*** Opening Source material ***

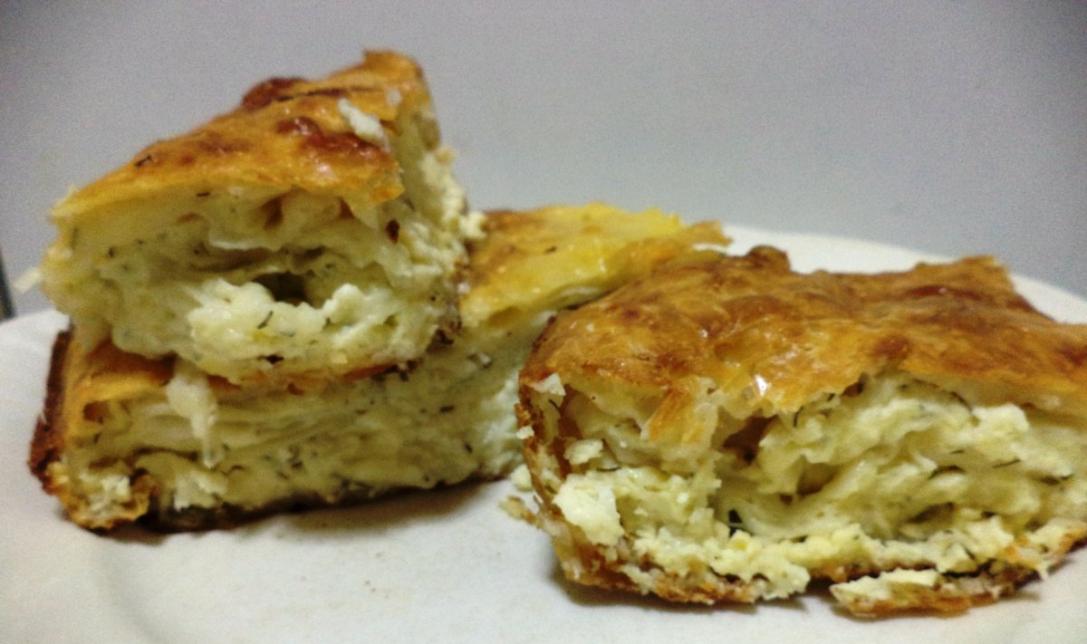 Apoi începe să asamblezi plăcinta: 4 foi pe fundul tăvii, cu marginile lăsate ca în imagine, să o poți împacheta frumos la sfârșit. Adaugi din amestecul de brânză cu ierburi, din nou 4 foi, de data asta rupte cât fundul tăvii, din nou brânză. Poți alterna așa până epuizezi foile și amestecul de brânză, dar și cât te lasă tava. Pe mine m-a lăsat preț de 3 straturi. Plăcinta crește la coacere, așa că ai grijă să-i lași spațiu, altfel dă pe dinafară.
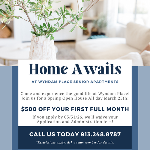 Wyndam Place 55-Plus, Senior Living Apartments, offers one and two-bedroom apartments in Shawnee, KS. Each apartment home includes a fully equipped
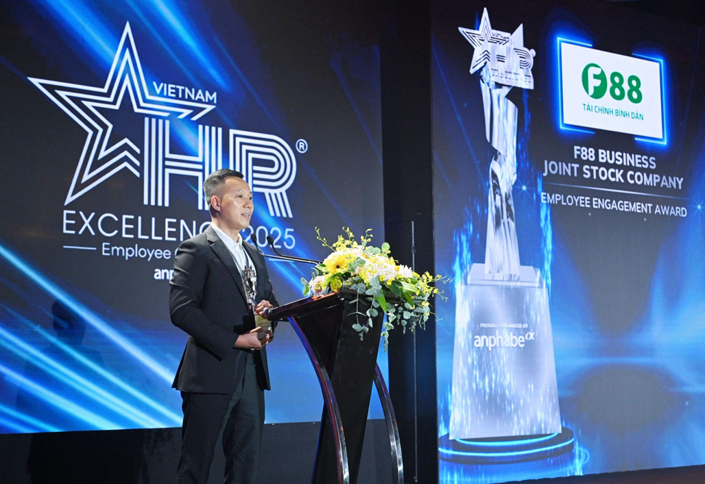 Cũng chính môi trường “Vui đời Tiến bộ” cùng tinh thần gắn kết trên đã giúp F88 nhận giải thưởng HR Excellence ở hạng mục Gắn kết Nhân viên (Employee Engagement) năm 2025 do Anphabe phối hợp cùng Liên đoàn Thương mại và Công nghiệp Việt Nam (VCCI) tổ chức. Ngoài F88, một số doanh nghiệp tiêu biểu khác được nhận giải là Viettel, Jotun, PNJ, MBBank, VPBank…

*** Closing Source material ***

:: Problem to work on ::
Repeat the listing verbatim. Skip the pictures.

:: Answer for the task ::
 Apoi începe să asamblezi plăcinta: 4 foi pe fundul tăvii, cu marginile lăsate ca în imagine, să o poți împacheta frumos la sfârșit. Adaugi din amestecul de brânză cu ierburi, din nou 4 foi, de data asta rupte cât fundul tăvii, din nou brânză. Poți alterna așa până epuizezi foile și amestecul de brânză, dar și cât te lasă tava. Pe mine m-a lăsat preț de 3 straturi. Plăcinta crește la coacere, așa că ai grijă să-i lași spațiu, altfel dă pe dinafară.
 Wyndam Place 55-Plus, Senior Living Apartments, offers one and two-bedroom apartments in Shawnee, KS. Each apartment home includes a fully equipped
 Cũng chính môi trường “Vui đời Tiến bộ” cùng tinh thần gắn kết trên đã giúp F88 nhận giải thưởng HR Excellence ở hạng mục Gắn kết Nhân viên (Employee Engagement) năm 2025 do Anphabe phối hợp cùng Liên đoàn Thương mại và Công nghiệp Việt Nam (VCCI) tổ chức. Ngoài F88, một số doanh nghiệp tiêu biểu khác được nhận giải là Viettel, Jotun, PNJ, MBBank, VPBank…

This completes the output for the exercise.